PCT No. PCT/EP97/03154 Sec. 371 Date Jun. 25, 1999 Sec. 102(e) Date Jun. 25, 1999 PCT Filed Jun. 14, 1997 PCT Pub. No. WO98/29378 PCT Pub. Date Jul. 9, 1998Process for producing mono- and poly-carboxylic aromatic acids by oxidation of the corresponding precursors with molecular oxygen and/or air in the presence of a catalytic complex formed by a combination of at least one metal selected from ruthenium, iridium, platinum and palladium, and/or at least one metal of Group VIIA, principally rhenium; and/or cerium, and B at least one metal belonging IVA of the periodic table of elements, principally zirconium and/or hafnium.

Description

The present invention relates to a new process for the production of mono- and poly-carboxylic aromatic acids by oxidation with molecular oxygen and/or air of aromatic compounds containing at least one oxidisable substituent group attached directly to the carbon atom of the corresponding aromatic ring.
The term "oxidisable substituent group" is to be understood as meaning any substituent in which a carbon atom is bonded directly to the aromatic ring and which, after oxidation, is converted into the COOH group, still bonded to the aromatic ring.
The methyl, methylene, hydroxymethyl, hydroxymethylene, ketone and aldehyde groups are considered to be among the more interesting oxidisable groups.
The aromatic compounds used as starting materials in the present invention are therefore those which possess one or more of the mentioned oxidisable groups.
In order better to illustrate the invention, there will be indicated hereinafter, purely by way of non-limiting example, some of the possible oxidations which can be carried out with the present invention:
Figure 00010001
Figure 00010002
Figure 00010003
Figure 00020001
Figure 00020002
Figure 00020003
Figure 00020004
Figure 00020005
Figure 00020006
In particular, where there are two or more oxidisable groups, each of these groups has to be separated from the others by at least one carbon atom of the unsubstituted aromatic ring. With the process of the present invention it is thus not possible to oxidise o-xylene to phthalic acid, or 1,2-dimethylnaphthalene to 1,2-dinaphthoic acid.

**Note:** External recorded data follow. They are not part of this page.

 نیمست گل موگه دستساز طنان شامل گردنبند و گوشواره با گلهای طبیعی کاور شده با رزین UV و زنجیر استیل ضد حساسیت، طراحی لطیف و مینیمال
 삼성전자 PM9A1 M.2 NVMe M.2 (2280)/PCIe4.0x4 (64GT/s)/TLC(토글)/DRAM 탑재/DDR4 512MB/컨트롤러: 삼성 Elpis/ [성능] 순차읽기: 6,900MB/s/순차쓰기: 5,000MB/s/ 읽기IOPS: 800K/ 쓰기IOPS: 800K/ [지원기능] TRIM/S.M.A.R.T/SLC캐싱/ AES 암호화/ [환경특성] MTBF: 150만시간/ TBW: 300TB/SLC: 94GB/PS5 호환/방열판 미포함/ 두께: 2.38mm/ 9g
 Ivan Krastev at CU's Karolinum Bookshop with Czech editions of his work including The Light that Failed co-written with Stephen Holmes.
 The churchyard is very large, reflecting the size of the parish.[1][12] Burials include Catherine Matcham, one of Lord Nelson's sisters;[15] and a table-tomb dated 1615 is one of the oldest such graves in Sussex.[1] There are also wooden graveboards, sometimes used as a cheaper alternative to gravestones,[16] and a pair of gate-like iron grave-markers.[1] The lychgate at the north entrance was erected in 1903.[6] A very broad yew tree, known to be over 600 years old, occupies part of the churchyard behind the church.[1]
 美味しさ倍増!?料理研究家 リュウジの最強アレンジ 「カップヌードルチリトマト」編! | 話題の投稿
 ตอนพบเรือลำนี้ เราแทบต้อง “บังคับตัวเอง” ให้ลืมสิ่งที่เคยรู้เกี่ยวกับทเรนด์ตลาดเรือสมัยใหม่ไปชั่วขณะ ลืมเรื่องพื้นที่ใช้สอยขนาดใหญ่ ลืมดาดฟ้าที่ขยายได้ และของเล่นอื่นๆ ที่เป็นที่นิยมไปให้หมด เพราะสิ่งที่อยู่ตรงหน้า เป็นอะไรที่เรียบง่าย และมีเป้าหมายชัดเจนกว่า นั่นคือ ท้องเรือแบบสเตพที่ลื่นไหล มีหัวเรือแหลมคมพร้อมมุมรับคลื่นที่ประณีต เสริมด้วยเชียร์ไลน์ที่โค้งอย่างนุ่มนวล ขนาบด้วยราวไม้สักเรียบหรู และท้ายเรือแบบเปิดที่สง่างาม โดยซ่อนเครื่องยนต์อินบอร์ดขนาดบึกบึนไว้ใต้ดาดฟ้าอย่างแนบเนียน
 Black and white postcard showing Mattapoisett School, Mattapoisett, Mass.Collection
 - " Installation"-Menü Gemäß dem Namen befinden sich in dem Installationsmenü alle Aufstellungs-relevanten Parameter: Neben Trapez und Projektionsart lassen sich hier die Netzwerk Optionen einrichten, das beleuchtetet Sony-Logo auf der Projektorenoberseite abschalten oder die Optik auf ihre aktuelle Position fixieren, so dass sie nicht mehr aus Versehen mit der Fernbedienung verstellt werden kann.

According to the prior art, the above-mentioned oxidation processes are carried out with oxygen and/or air in the presence of a catalyst.

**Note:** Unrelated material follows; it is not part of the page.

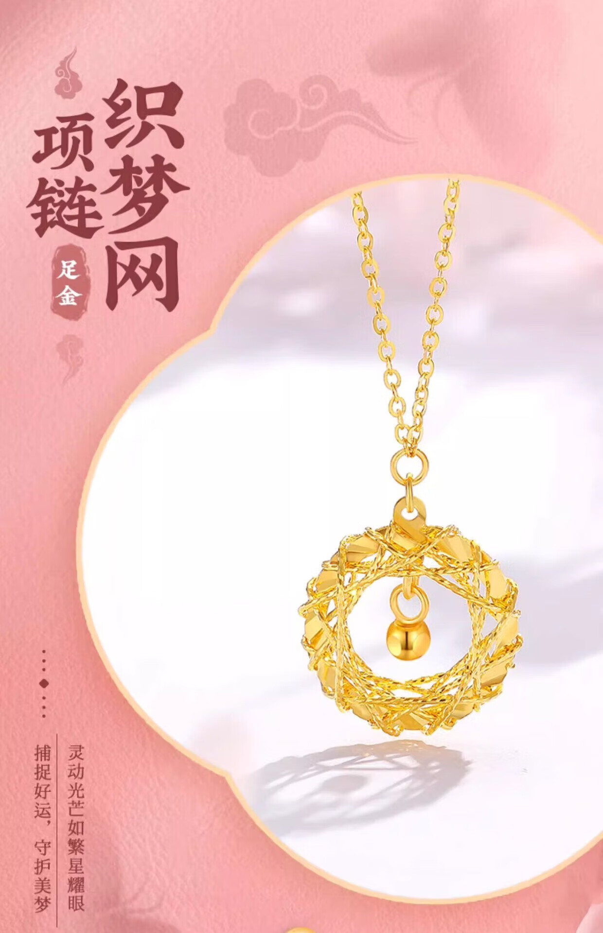 Chow Tai Fook Gold Pure Gold 999 Dreamweaver Pendant Pure Gold Clavicle Necklace Mobius Birthday Gift Gold Dreamweaver with 18k Titanium Chain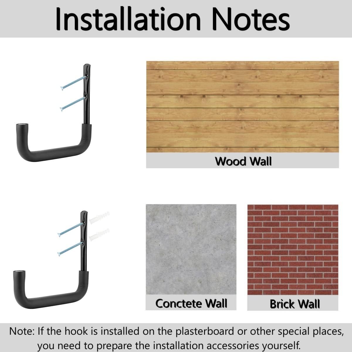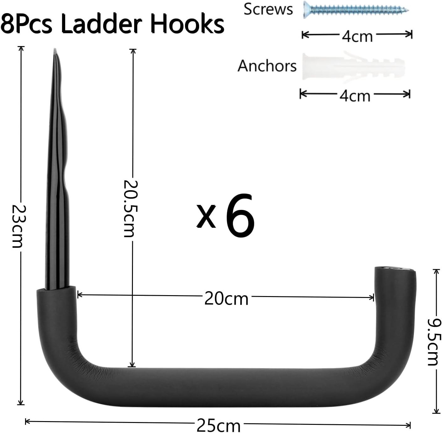 - Grösse und Paket: Dies ist ein Set von 6 Wandhalterungshaken mit 12 Schrauben und 12 Ankern. Diese grossen Leiter-Aufbewahrungshaken sind 23 cm x 25 cm (H x H), innen 20 cm breit, Schrauben und Dübel sind 4 cm lang

The catalysts known from the literature and used industrially in oxidation reactions of the type indicated above normally contain cobalt salts as the main active element, together with other metals, such as, for example, manganese.
These metals are usually used in the form of monocarboxylic aliphatic acid salts, preferably acetates, which are soluble in aqueous acetic acid, which is in fact the preferred solvent for aromatic compounds in this type of reaction.
However, both catalysts based only on the cobalt salt and bimetal catalysts have a disadvantage of not inconsiderable importance; they can oxidise only partially the oxidisable groups of the aromatic compounds in question.
In order to obtain complete oxidation, it is necessary to integrate the catalyst with suitable activators, which clearly involves per se an increase in the operating costs.
The activators of the oxidation catalysts can be of either inorganic or organic character and perform the task of activating the oxidation reaction of the catalysts which can in turn be reduced during the oxidation of the aromatic compounds.
The use of activators of the first type, rather than the second, leads to two distinct oxidation processes.
The activator used in the first process is bromine in its various forms, that is to say: molecular bromine, hydrobromic acid, bromides, etc. The activating action of bromine, however, takes place at temperatures higher than 180°C, normally from 200 to 225°C, and at pressures of approximately from 20 to 25 bar. Given the high operating temperatures, the corresponding apparatus has to be constructed with materials having a particular thermal resistance, such as titanium or its alloys, which involves a further increase in costs.
The second process, however, uses acetaldehyde as the oxidation activator. In the course of the reaction, the acetaldehyde is oxidised to acetic acid with a yield of approximately 80%; the remaining acetaldehyde is, however, irretrievably burnt to CO2 + H2O. This oxidation, in addition to involving a substantial waste of acetaldehyde, also has the disadvantage of substantially increasing the thermal charge of the reactor.
The conversion of acetaldehyde into acetic acid is also a rather negative economic phenomenon, given that the cost of acetaldehyde is higher than that of acetic acid and the increase in weight from acetaldehyde to acetic acid is not sufficient to cancel the difference in cost.
United States Patent No. 5,112,992 describes the use of metals of groups IIIA and IVA of the periodic table of elements, especially zirconium and hafnium, as activators of catalysts, for increasing the kinetics of the oxidation reactions in which catalytic complexes based on cobalt and manganese are used in the presence of bromine as activator.
The catalytic activity of zirconium and hafnium derives:
  • from the ability of their ions to reach a coordination number higher than 6, which increases and maintains the ratio of the number of ions having higher valencies to those having lower valencies in multivalent catalytic metals.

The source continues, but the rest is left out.